Through its program, Olam will also be assessing the reasons behind why such paths may not be pursued.
“Olam already works with several organisations in this capacity, and we hope the launch of our Coffee LENS strategy will generate curiosity and interest amongst our partners and other institutions willing to get involved and share their expertise with us.
The strategy will be achieved through collaboration with partners – customers, governments, financial institutions, multilateral agencies and NGOs.
Broad oversight
In total, Olam oversees 60,000 coffee farmers in Africa, Asia and South America.

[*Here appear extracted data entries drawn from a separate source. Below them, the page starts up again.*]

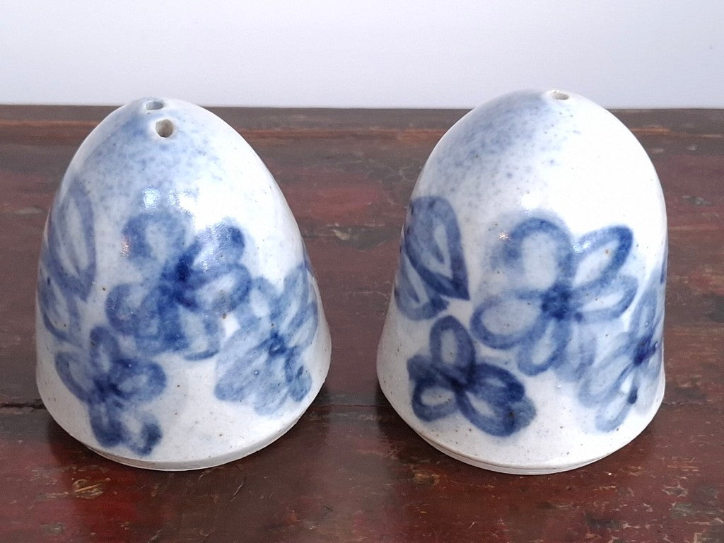 From New Zealand potter, Sue Monk, these salt and pepper shakers are in excellent condition, complete with original corks. Featuring a beautiful salt glaze floral design, they add a classic touch to any kitchen.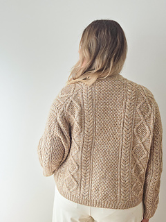 The Book club cardigan has a relaxed fit with dropped shoulders. It is knitted seamlessly top down with a diamond cable pattern that is a lot easier than it first appears and is suitable for knitters who are just learning to knit cables.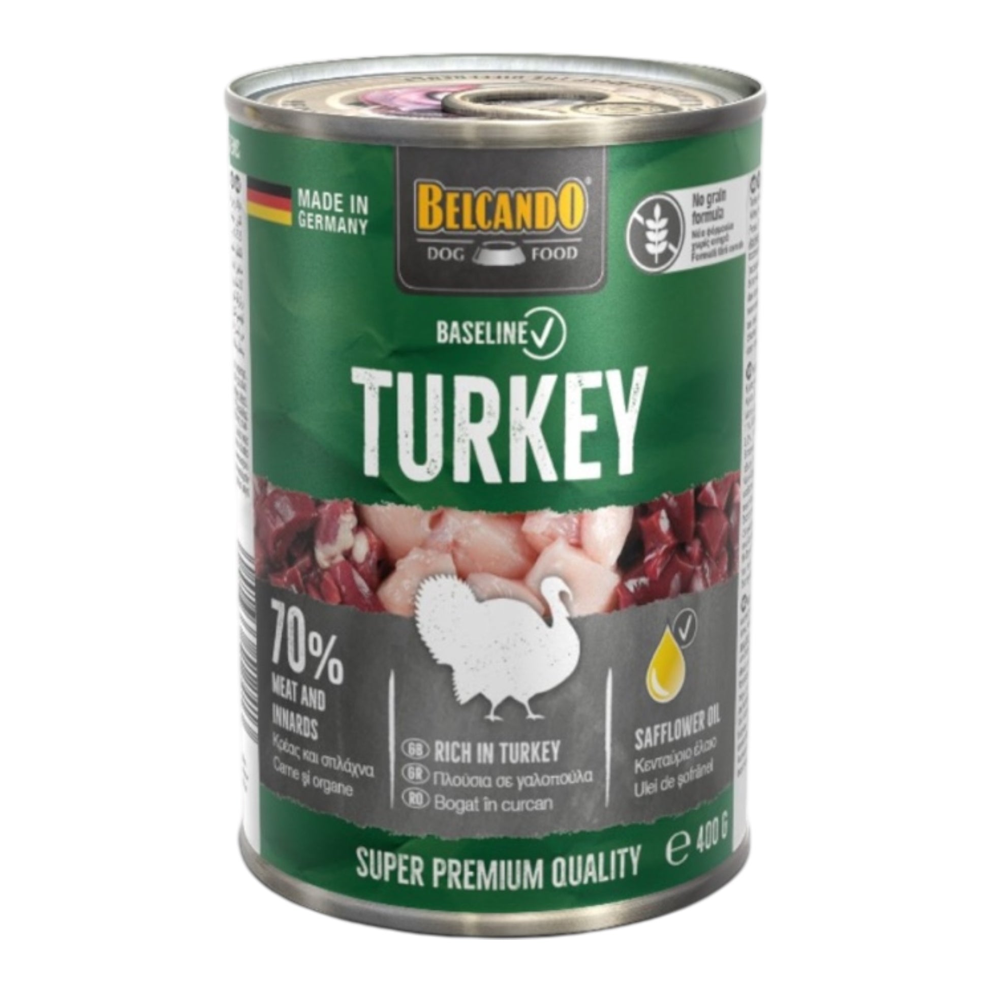 Alimento húmedo completo con un 70% de carne y vísceras. Receta sin cereales. Todos los ingredientes se cuecen suavemente al vapor en la lata para así conservarse de la mejor forma posible. La vitamina E del aceite de cártamo tiene un efecto positivo sobre la piel y el pelaje.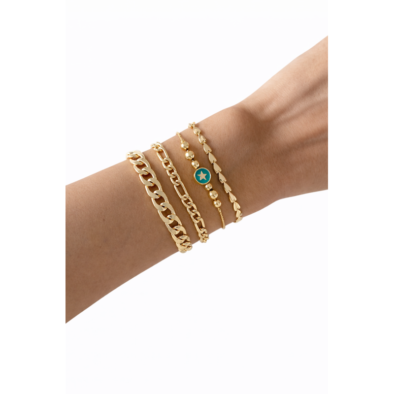 This bracelet set includes four coordinated pieces designed to create a stylish layered look. The star inspired details add a modern and elegant touch that complements both casual and dressy outfits. Each bracelet can be worn together for a complete stacked appearance or individually for a simpler style. The adjustable fit suits most wrist sizes. Material: Base metal iron. Lightweight and comfortable for everyday use. Suitable as a personal accessory or a thoughtful gift choice.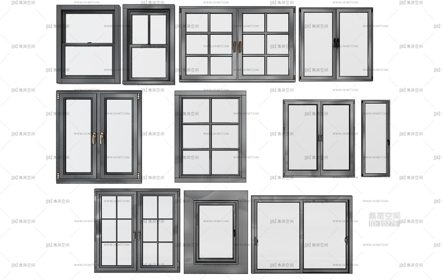 H25-1109现代实木窗户组合 3d模型下载 [模型ID:10275]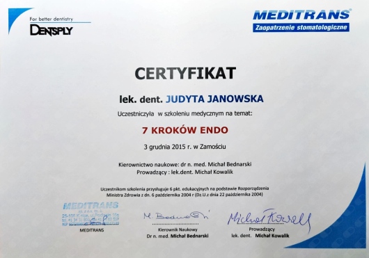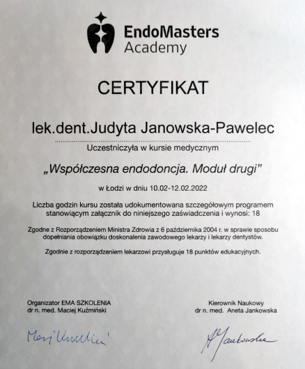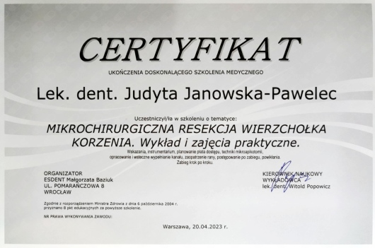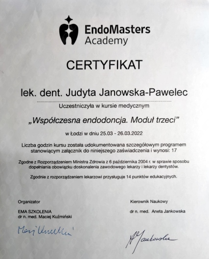 Nieustannie podnoszę swoje kwalifikacje zawodowe, uczestnicząc w kursach i warsztatach oferowanych przez czołowe ośrodki szkoleniowe, takie jak Dental Master Group czy Witkowscy Dental Training Center. Dzięki temu mam dostęp do najnowszych technik i rozwiązań w dziedzinie endodoncji mikroskopowej oraz odbudów pod mikroskopem, co przekłada się na wysoką jakość świadczonych usług.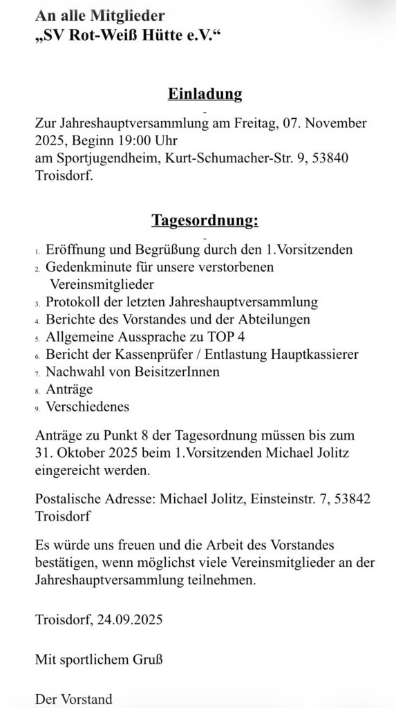 Allgemein Einladung Jahreshauptversammlung 4 Monaten ago Florian Schopp Continue Reading Previous Sportwoche 13.08.-17.08.2025Next Alija Zahirovic übernimmt 1. Mannschaft More Stories Allgemein RWH x STEGIS KICKER 3 Wochen ago Florian Schopp Allgemein Frohe Weihnachten 1 Monat ago Florian Schopp Allgemein Alija Zahirovic übernimmt 1. Mannschaft 3 Monaten ago Florian Schopp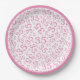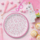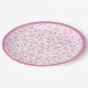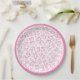 This cool design is a pink and white random number pattern with the milestone number 35 repeated in varied sizes and angles. The design is trimmed with a pink ring around the rim.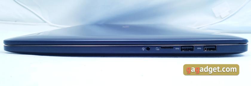 Справа — комбинированный аудиоразъём 3.5 мм, два полноразмерных USB 3.1 Gen 1 и слот для карт памяти MicroSD. Ноутбук позиционируется как решение для фотографии и видео, и вполне возможно, что ряд пользователей с парком SD-карт такое решение не устроит, но это не смертельно:
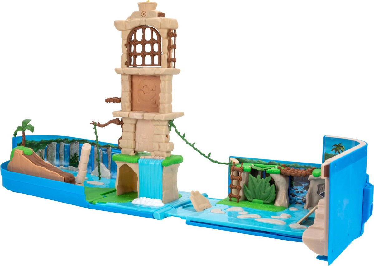 Tag kampen op i et univers fyldt med bevægelse og overraskelser: jag modstanderen under et brusende vandfald, opdag det skjulte tempel med sin hemmelige elevator, og kæmp dig op gennem fire niveauer af actionfyldte platforme. Afslut duellen ved at åbne porten og tænde flammen på toppen – og fortsæt derefter kampen helt ned til kysten, hvor to kampkastere står klar til næste runde.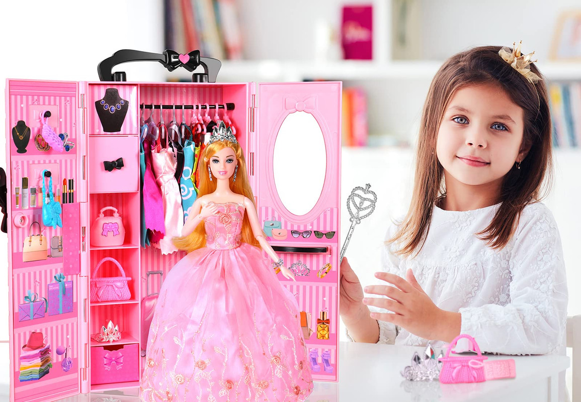Set de joaca Barbie, WALALLA, dulap de haine pentru papusi, inclusiv haine si diverse accesorii, roz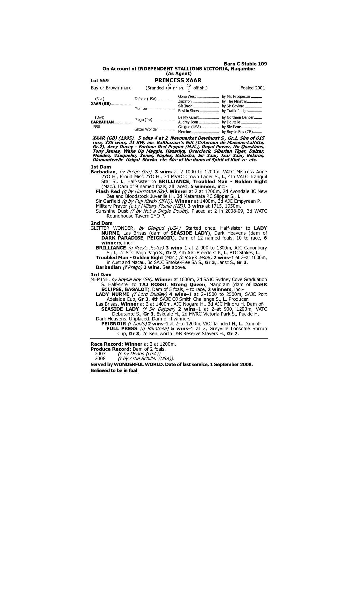 Lot 558 has pedigree updates since the release of the catalogue.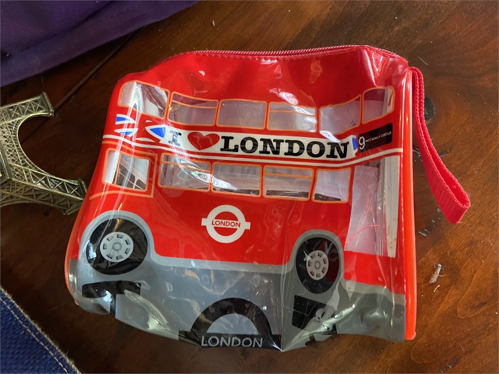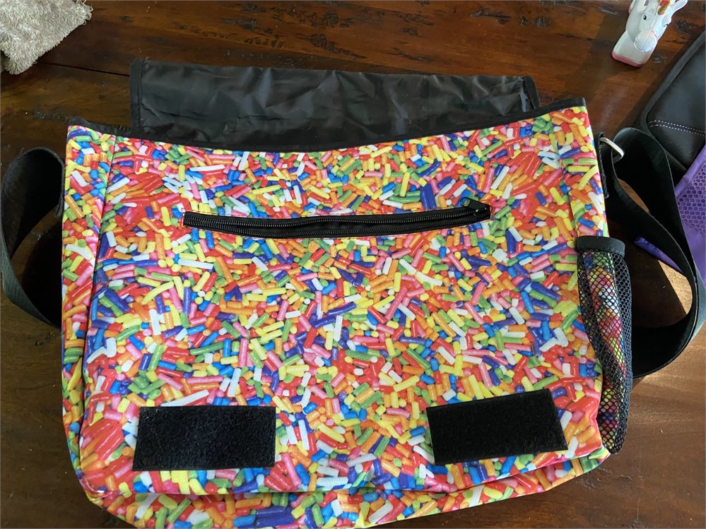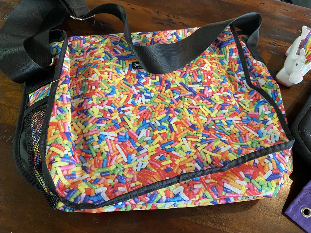 Suitcase, tote, pencil case, candy covered messenger bag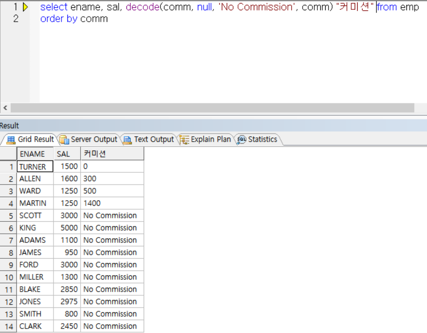 select ename, sal, decode(comm, null, 'No Commission', comm) "커미션" from emp

“While the coffee supply chain is highly fragmented making direct access to farmers difficult, our sustainability ambitions have grown each year, promoting the importance of traceability, quality, profitable farmers and living landscapes,” comments Vivek Verma, Managing Director and CEO, Olam Coffee.
“Despite our collective efforts however, many of the complex challenges in coffee remain and are now compounded by COVID-19 imposed restrictions to markets and skilled labour squeezing incomes further,” she adds.
“Through dynamic alliances and tools such as our insights platform AtSource and buying app Olam Direct, we aim to deliver these targets by 2025, creating visible and scalable impact. As a result, we will then be able to expand those targets further, re-imagining the future of coffee.”
Consumers increasingly expect companies to invest in sustainability. “The Sustain Domain” was pegged as Innova Market Insights’ third Top Trend for 2020 earlier this year.